Work instruction —
Transcribe the entries below with complete accuracy, excluding the pictures.

Provided material —
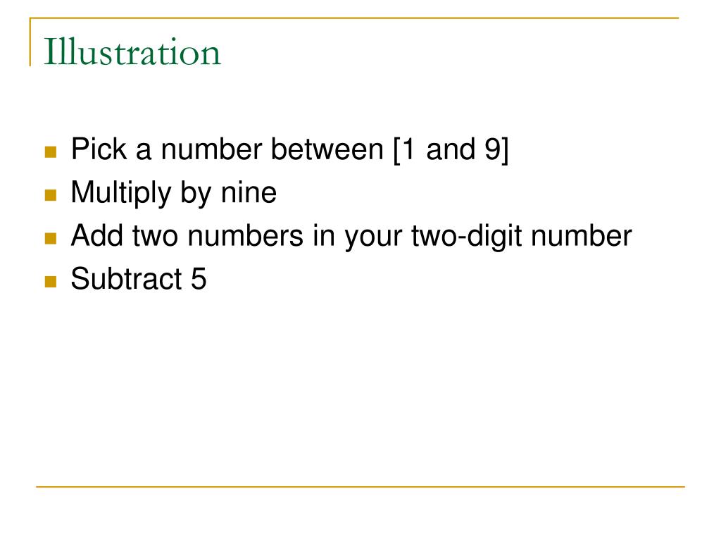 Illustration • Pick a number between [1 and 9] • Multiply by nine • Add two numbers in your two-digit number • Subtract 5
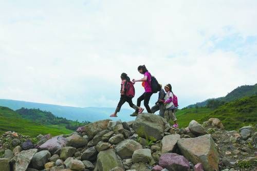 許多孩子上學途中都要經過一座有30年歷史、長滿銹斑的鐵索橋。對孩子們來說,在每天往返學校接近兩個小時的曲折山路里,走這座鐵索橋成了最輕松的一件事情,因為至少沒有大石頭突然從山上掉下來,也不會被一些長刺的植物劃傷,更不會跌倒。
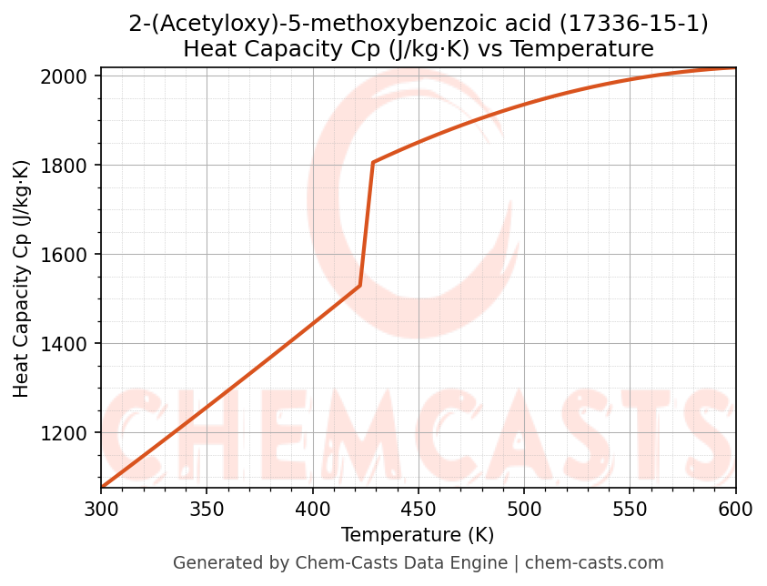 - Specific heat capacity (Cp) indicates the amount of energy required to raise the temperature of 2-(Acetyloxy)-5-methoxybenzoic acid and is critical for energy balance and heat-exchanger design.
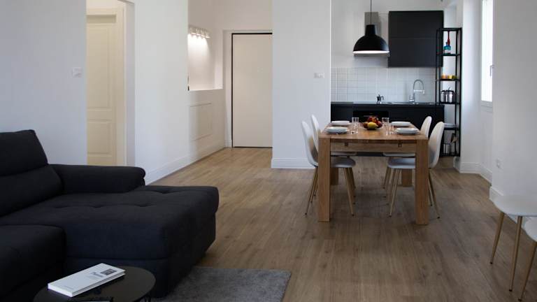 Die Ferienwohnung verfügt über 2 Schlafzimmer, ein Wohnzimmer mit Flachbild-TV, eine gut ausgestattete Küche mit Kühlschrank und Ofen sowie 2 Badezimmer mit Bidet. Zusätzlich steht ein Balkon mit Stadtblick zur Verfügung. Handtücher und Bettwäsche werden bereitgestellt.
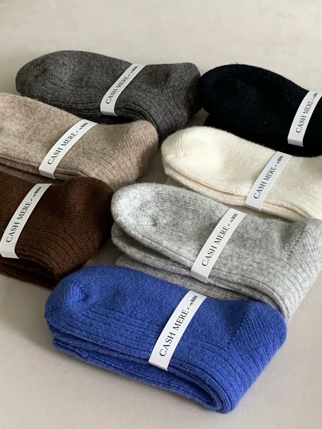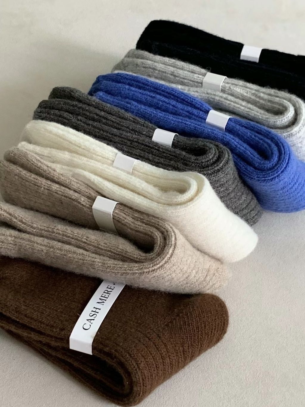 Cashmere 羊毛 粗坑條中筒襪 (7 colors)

Result of the exercise —
 Illustration • Pick a number between [1 and 9] • Multiply by nine • Add two numbers in your two-digit number • Subtract 5
 許多孩子上學途中都要經過一座有30年歷史、長滿銹斑的鐵索橋。對孩子們來說,在每天往返學校接近兩個小時的曲折山路里,走這座鐵索橋成了最輕松的一件事情,因為至少沒有大石頭突然從山上掉下來,也不會被一些長刺的植物劃傷,更不會跌倒。
 - Specific heat capacity (Cp) indicates the amount of energy required to raise the temperature of 2-(Acetyloxy)-5-methoxybenzoic acid and is critical for energy balance and heat-exchanger design.
 Die Ferienwohnung verfügt über 2 Schlafzimmer, ein Wohnzimmer mit Flachbild-TV, eine gut ausgestattete Küche mit Kühlschrank und Ofen sowie 2 Badezimmer mit Bidet. Zusätzlich steht ein Balkon mit Stadtblick zur Verfügung. Handtücher und Bettwäsche werden bereitgestellt.
 Cashmere 羊毛 粗坑條中筒襪 (7 colors)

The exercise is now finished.